Wet lab infrastructure
The major difference between artisanal drug-making and industrialized drug development is the scale. In order to generate large-scale, ML-grade biodata, companies have to build wet lab infrastructures that can handle hundreds and thousands of bioassays in parallel. Depending on the modalities and models used, lab automation and device customization are needed to achieve scalability. For example, Spring Discovery built an automated experimental engine, Anvil, which integrates lab robotics, high-content imaging, and proteomics data profiling software. With Anvil, they can ‘measure hundreds of cell behaviors across thousands of conditions in every experiment’ and continuously generate data to study immune cells at scale with high fidelity.
Computing resources
Every AI-first company requires computing resources that include software, hardware, cloud storage, and various ML packages. The software can be used to execute and quality-control the automated lab workflow, digitalize bio datasets, and develop ML algorithms. Hardware stores, moves, processes and secures petabyte-scale datasets. The cloud infrastructure makes deploying ML models accessible.

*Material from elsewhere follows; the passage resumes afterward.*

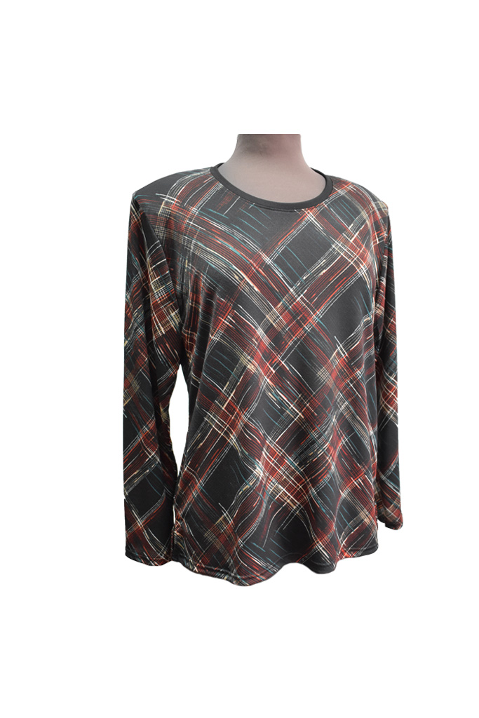 Γυναικεία μπλούζα σε ύφασμα κρεπ, με μακρύ μανίκι, σε εμπριμέ σχέδιο μαύρο με ρίγες σε απόχρωση μπεζ με μπορντό! Εντυπωσιάστε με μια μπλούζα σαν και αυτή! Εξαιρετικής ποιότητας και εφαρμογής, ελληνικής εταιρείας Venturo. Σύνθεση 95% πολυεστέρας- 5% ελαστάνη.

Despite the similar components, ML-based platforms differ greatly between companies in complexity and how they are integrated into the drug discovery process. Some companies develop ML tools around a core function that is designated to transform a single step in drug discovery, while others stack multiple ML models to establish an end-to-end platform. Some deploy over $100M to build an in-house ‘biobank’ of disease cell models and high-content cell profiling systems to create a biological atlas for different diseases, while others leverage existing knowledge on quantum mechanics and physics and operate on low data-generation mode.
How to structure the platform is a decision that needs to take into account various factors, such as the platform-product fit, the financial situation, the company’s core competitive advantage and value, etc. Many companies adapt their strategy in structuring the platform as the company grows and pivots. There is no single, definitive ‘good platform’ that works for every company. Overall, a good platform is the one that brings the most value to the company and positions the company to shoot for its overarching goal.
Versatile business model
Industrialized platforms enable new business models. For AI-first biotech companies, when their platform can generate 10x or even 100x more drug candidates, the strategies to structure a company, build the product portfolio, and think of the value chain have changed. Here are some business models that AI-first companies often adopt.
Partnership model:
Many AI-first companies at their early stages generate income through forging partnerships with biopharma, other biotech companies, and the government. These stakeholders gain access to proprietary datasets, algorithms, or lead compounds. In return, AI-first companies will get paid in three ways: 1). Upfront payment, usually a small check made at the beginning of the partnership to cover part of the upcoming R&D. 2). Milestone payment, which is a bigger payment made when the products reach key developmental milestones. 3). Royalty payment, which is a predetermined % of revenue after products enter the market.
Incomes through partnerships are non-dilutive funding. Many AI-first companies try to secure some partnership incomes to minimize dilution from the private market fundraising. Exscientia is an example of an AI-first company that benefited from partnerships in its early development. Andrew Hopkins, the CEO of Exscientia, leveraged his connections in biopharma and built out the company’s ML platform using biobucks through partnerships with Janssen, Eli Lilly, and DSP. The first disclosed venture funding was a $17.6M Series A in 2017, 5 years after the company was founded. In addition, successful partnerships further validate the ML platforms, resulting in a snowball effect of value generation. We have seen companies get better deal terms as they developed more partnerships.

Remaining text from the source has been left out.